= Hamish MacDonald (artist) =

Scottish artist

Hamish MacDonald DA PAI (January 1935- September 2008) was a Scottish impressionist and colourist artist from Glasgow, Scotland. His paintings feature mainly landscapes and coastal scenes, with some still-life works.
  His work features in several major collections, including those of the Kelvingrove Art Gallery, the Paisely Art Gallery and that of the Duke of Edinburgh.

==Biography==
MacDonald lived in the Scottish Highlands until the age of eight, until he moved with his parents to the south side of Glasgow. He studied at the Glasgow School of Art from 1963 to 1967. MacDonald first exhibited his work at the Cosmo in Glasgow (now the Glasgow Film Theatre). He later taught art at several educational establishments in the Glasgow area, including Jordanhill College of Education, Mortherwell Technical College and Bell College of Technology. He began his role as Head of Art at St Patrick's High School in Coatbridge in 1974, remaining there until 1992.

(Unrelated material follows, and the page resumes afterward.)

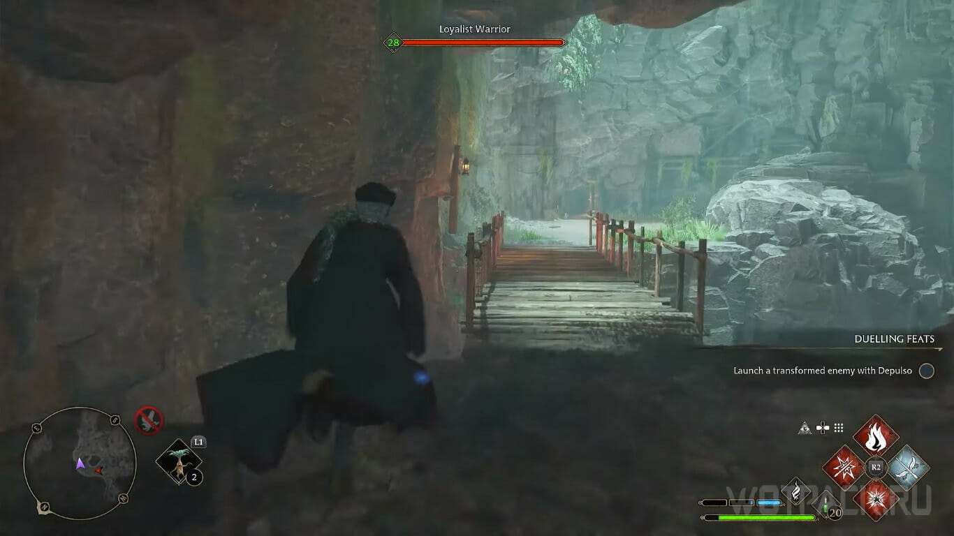 Переместитесь к точке телепортации Кабинета трансфигурации и бегите через первую дверь слева, а затем начните спускаться в подземелье.

MacDonald's paintings were influenced by the Impressionists and the Scottish Colourist movement, especially the works of William Gillies and Joan Eardley. He exhibited his paintings all around the UK, including exhibitions in the Royal Scottish Academy, the Royal West of England Academy and at London and Glasgow art fairs. In 1989 he won the £5000 Laing Art Competition prize.